4 Matching Annotations
  1. Mar 2024
    1. I also did the other analysis regarding the quality of sleep, i'll link the notebook: [(https://www.kaggle.com/code/manuiaccarino/eda-and-predicting-sleep-quality) I was surprised by the predictive ability of a "simple model" without any preprocessing. The data seams to be real (and not syntetic, at least that's what the source of the data say) and nonetheless the data size being small I figure it out that the variables were highly correlated with each other, so either the sleep quality variable was just obtained through a similar algorithms or predicting the quality of sleep can be quite easy with a few relevant variables. Waiting for ur feedback on this one as well. I'm sorry I can't work also on the other dataset but I don't have a lot of time this week and, by a first look, there seams like a lot of work on preprocessing to do there

    2. I just finished to analyze one of the dataset I suggested last week, i'll link the Kaggle notebook: [(https://www.kaggle.com/code/manuiaccarino/interesting-finding-predicting-activity-calories?scriptVersionId=166551904) I made some interesting find while trying to predict the Activity detected by the sportwatch depending by the measured data. I don't want to spoiler anything, I hope you can read the work and provide me a feedback so we can discuss about it . Thank you

    3. The amount of tecnical information such as Brand, info about each sportwear device and so on were a little bit confusing, a lot information came but I managed to understand the key points at least. IT would be interesting to analyze some example data provided by this device to have a clear understand of how it works and how we can use it by a statistical point of view. I'll check online some dataset that may come from the mentioned brand where we can perform a classification task regarding the risk or injury, or other metric depending by type and quality of the data. The sport wear mentioned here seams professional, alias expensive, but if u know some cheap wearable such as a sportwatch who provide either raw or processed data it would be interesting to do some self analysis

    1. Since i already have been reading and searching about Sport Analytics by myself after your seminary I already have a grasp about what it talks about and the problems associate with it. Last year I did an analysis about Napoli winning the championship, trying to understand through data how it happened, I’ll link the github repository here:

      While doing the analysis, the main problem was regarding the data, which are actually almost impossible to find. I was looking for raw data to analyze but you need to pay for that, so the only avaible were on Fbref, the problem was that they were processed data so I have to adapt my question to the answer that the data could give me.

      Having to deal with a real problem helped me to understand the issue of working with sport data and how important the quality and the source of the data are, I’d say they are worth 90% of problem, the other 10% are the analyst ability.

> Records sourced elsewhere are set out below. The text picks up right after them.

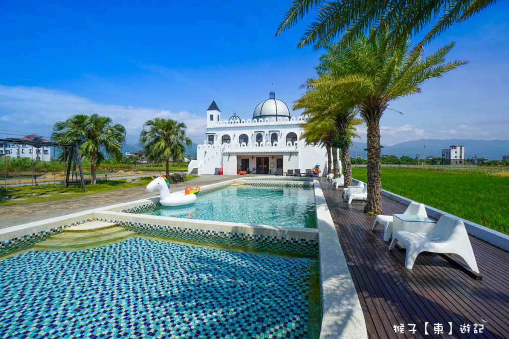 二棟別墅中間有深淺二池游泳池,一旁還有盪鞦韆。民宿提供多樣可愛造型浮具,大人小孩一起開心戲水。
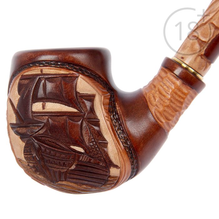 Трубка курительная "Гусар с кожей фигурный" корабль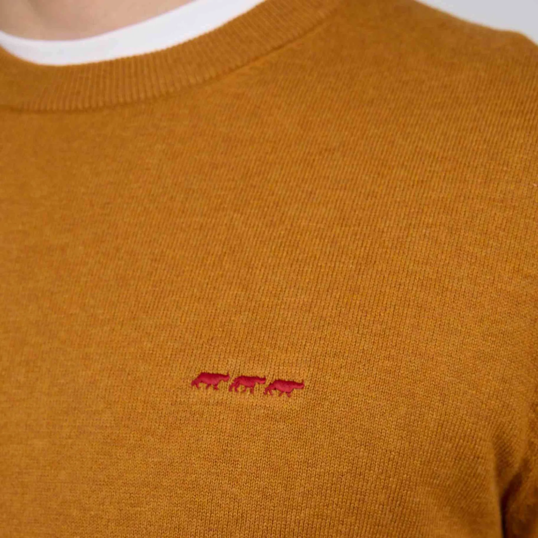 Amateur de style et de simplicité ? Au travail, à la maison ou pendant vos sorties, adoptez ce basique du vestiaire masculin pour compléter vos tenues. Très agréable à porter, ce pull à manches longues allie le confort du coton à la douceur du cachemire (5%). Ce qu’on aime : sa broderie contrastée avec 3 petites vaches, son coloris uni jaune moutarde tendance et son col rond côtelé. Pour des looks raffinés en toutes occasions, c’est indéniablement le modèle qu’il vous faut !
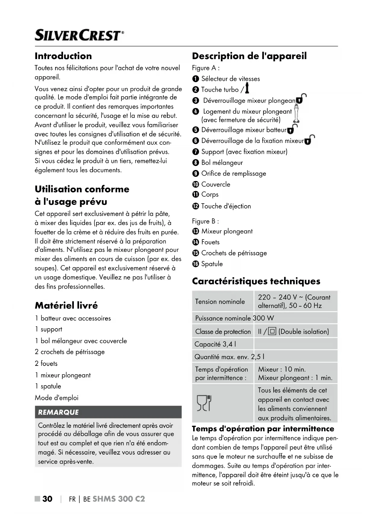Introduction Toutes nos félicitations pour l'achat de votre nouvel appareil. Vous venez ainsi d'opter pour un produit de grande qualité. Le mode d'emploi fait partie intégrante de ce produit. Il contient des remarques importantes concernant la sécurité, l'usage et la mise au rebut. Avant d'utiliser le produit, veuillez vous familiariser avec toutes les consignes d'utilisation et de sécurité. N'utilisez le produit que conformément aux con- signes et pour les domaines d'utilisation prévus. Si vous cédez le produit à un tiers, remettez-lui également tous les documents. Utilisation conforme à l'usage prévu Cet appareil sert exclusivement à pétrir la pâte, à mixer des liquides (parex. des jus de fruits), à fouetter de la crème et à réduire des fruits en purée. Il doit être strictement réservé à la préparation d'aliments. N'utilisez pas le mixeur plongeant pour mixer des aliments en cours de cuisson (par ex. des soupes). Cet appareil est exclusivement réservé à un usage domestique. Veuillez ne pas l'utiliser à des fins professionnelles. Matériel livré 1 batteur avec accessoires 1 support 1 bol mélangeur avec couvercle 2 crochets de pétrissage 2 fouets 1 mixeur plongeant 1 spatule Mode d'emploi REMARQUE Contrôlez le matériel livré directement après avoir procédé au déballage afin de vous assurer que tout est au complet et que rien n'a été endom- magé. Si nécessaire, veuillez vous adresser au service après-vente. Description de l'appareil Figure A: 1 Sélecteur de vitesses 2 Touche turbo / 3 Déverrouillage mixeur plongeant 4 Logement du mixeur plongeant (avec fermeture de sécurité) 5 Déverrouillage mixeur batteur 6 Déverrouillage de la fixation mixeur 7 Support (avec fixation mixeur) 8 Bol mélangeur 9 Orifice de remplissage 0Couvercle q Corps w Touche d'éjection Figure B: e Mixeur plongeant r Fouets t Crochets de pétrissage z Spatule Caractéristiques techniques Tension nominale 220 – 240 V ∼ (Courant alternatif), 50 – 60 Hz Puissance nominale 300W Classe de protection II / (Double isolation) Capacité 3,4 l Quantité max. env. 2,5 l Temps d'opération par intermittence: Mixeur: 10 min. Mixeur plongeant: 1 min. Tous les éléments de cet appareil en contact avec les aliments conviennent aux produits alimentaires. Temps d'opération par intermittence Le temps d'opération par intermittence indique pen- dant combien de temps l'appareil peut être utilisé sans que le moteur ne surchauffe et ne subisse de dommages. Suite au temps d'opération par inter- mittence, l'appareil doit être éteint jusqu'à ce que le moteur se soit refroidi.FR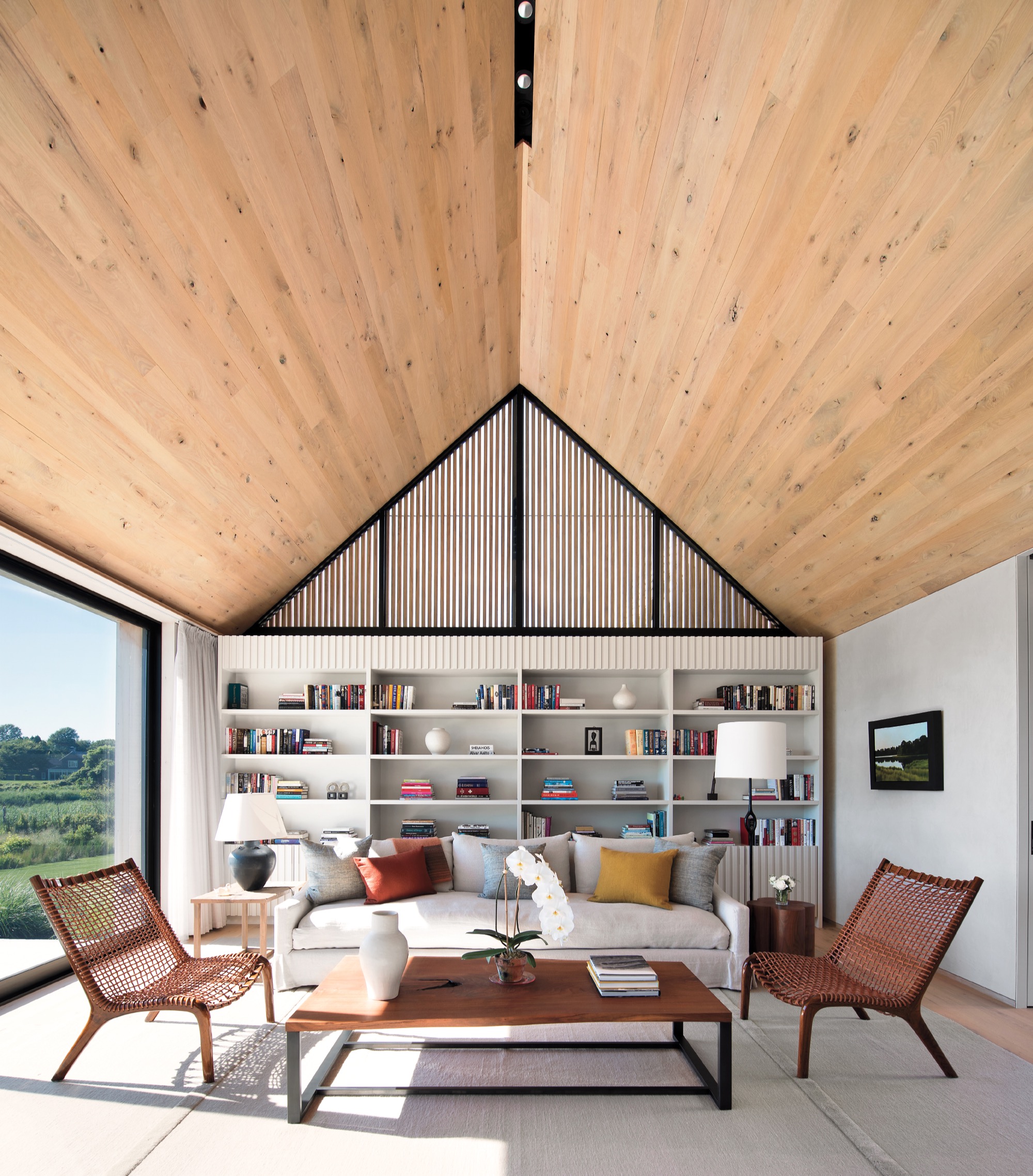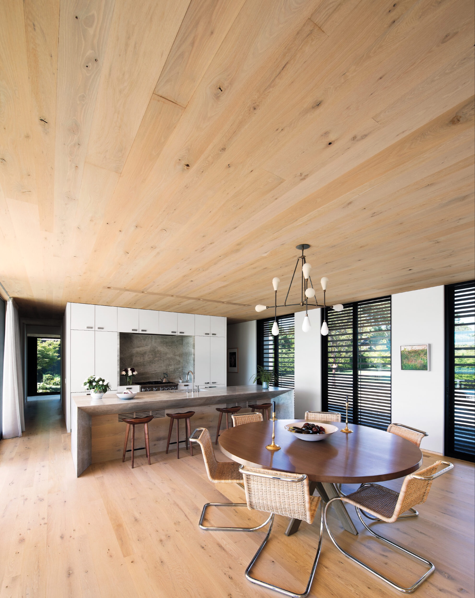 Za aranżację wnętrz odpowiadała Erica Millar Design, która uzupełniła architekturę o warstwę tekstur i kolorów. Część mebli przeniesiono z poprzedniego domu właścicieli, inne zostały zaprojektowane na zamówienie. W efekcie powstała przestrzeń łącząca nowoczesną prostotę z ciepłem drewna i naturalnych materiałów, w której architektura i wystrój wzajemnie się dopełniają.

      Talking about that, the paper spent time talking about the possible task an analyst can perform in sport analytics problem. It talk about Machine Learning but we need to be more specific. Expect for an emotion analysis and the injury prediction (which we can be propery labeled so that we can think about it as a proper classification task with Y/N as label or the probability of belonging to a certain class), I can’t imagine a way to use ML techniques into Sport Analytics since, as the paper said, without being able to give a proper label (it tallked about truth) we can’t perform any prevision, and even if we could, there is so much bias (since we should take into consideration a lot variables) that our analysis would be worthless. It’s different regarding the unsupervised learning, where using for instance cluster could give us a lot of information regarding player position and so on but for what I can think and what I understand the role of an analyst would be mostly of a Story teller, trying to explain data in a easy way to coach and manager to take data-based decisions.

      Regarding the use of metric to give like an overall score to a player, I agree with the paper with the problems you can find to determine a balanced score, I would say soccer remind me a lot of Poker, where we have incomplete information and taking decisions based on what we have can be extremely hard, the use of the formula provided on the first video presentation of the course regarding the Basketball can’t be use in soccer because a lot more variables come into play.

      A last consideration I would like to do is about the tracking system, regarding player positioning and so on. All the provided examples have their own weaknesses and strengths but I think the paper didn’t talk about the use of ray-casts. During my exchange year I did a paper regarding the use of Reinforcement Learning to train football players bot (like the one we have on fifa when we play against the computer). I trained the model though Unity, I game developer application and to let the player know about the space and their surroundings it use this ray-casts system. A photo of how it works it’s implemented below

      I don’t know if a similar method already exists but would be a lot cheaper and easier by a computational level to gather info from a football match. The object can be detected through similar device as GPS but lighter and easier to program. If not, after match a simple computer vision algorithm can add the information from the ray-casts to the player position to gather all the required information.